The high court developed existing common law to allow for transmissibility of general damages, such as pain and suffering, to the widows and dependents of those miners who died in the early stages of litigation. Prior to this ruling, if plaintiffs died before pleadings had closed, their claims would expire and the family members would not be eligible for compensation.

The court ruled in favour of the friends of the court’s argument, stating that “this rule of nontransmissibility of general damages … had … a strong gender bias in its consequence … Mineworkers come from rural areas [labour-providing areas] where they are dependent largely upon home-based care to assist them in coping with their illnesses. Such care is ordinarily provided by their wives and daughters. The care-work is demanding and includes efforts such as carrying, lifting and bathing the mineworkers, monitoring their medication and staying up at night to attend to their needs.”

The court found that the common law was not in line with the constitutional values and principles.

The ruling sets an important precedent which, in this case, affirms women’s rights and the need to remedy the gendered harms imposed by the industry. The court recognised that compensation could ease the burden on women and girls caring for ill miners and could indirectly compensate them for the unpaid care they’ve already given. Widows, daughters and other dependents of mineworkers now stand to benefit from this progressive ruling.

The mining industry applied to appeal the high court ruling and challenged the certification of the class action and the ruling on transmissibility of damages to dependents of mineworkers. In September, the high court rejected the appeal on the class action certification. It did, however, allow the appeal on transmissibility. The mining companies have since successfully petitioned the Supreme Court of Appeal on both the certification of the class action and the development of the common law.

While the legal teams prepare for the proceedings at the Supreme Court of Appeal, which is scheduled for mid-2017, Nobomi will continue to care for her husband without financial assistance from the mines.

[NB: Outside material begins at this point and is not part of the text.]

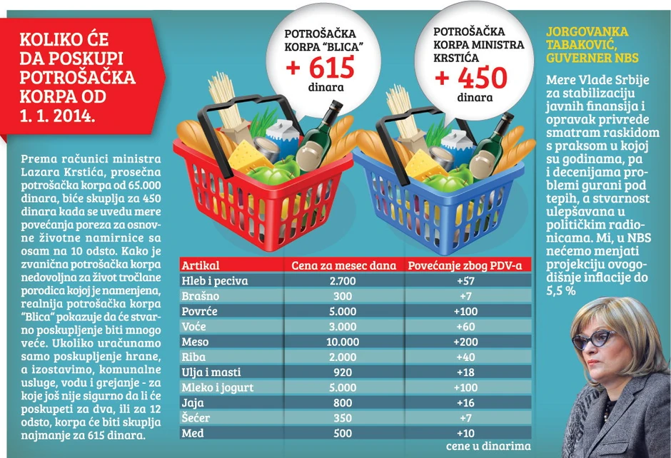 Ipak, kako za „Blic“ kaže guverner Jorgovanka Tabaković, NBS neće menjati svoje projekcije inflacije. Predložene korekcije PDV-a za određene proizvode imaće jednokratni efekat od oko 0,5 odsto - kaže Jorgovanka Tabaković, guverner NBS.

“Someone once said to me, we will get the money when Jesus Christ returns. We hope God will carry us forward,” she says. “We hope justice will be served before then.”

Thabang Pooe is a policy, development and advocacy fellow at Sonke Gender Justice. She was awarded the 2015-2016 Sonke-University of California, Los Angeles health and human rights fellowship and holds a master of law in public interest law and policy. Dean Peacock is cofounder and executive director at Sonke and an honorary senior lecturer at the University of Cape Town’s school of public health.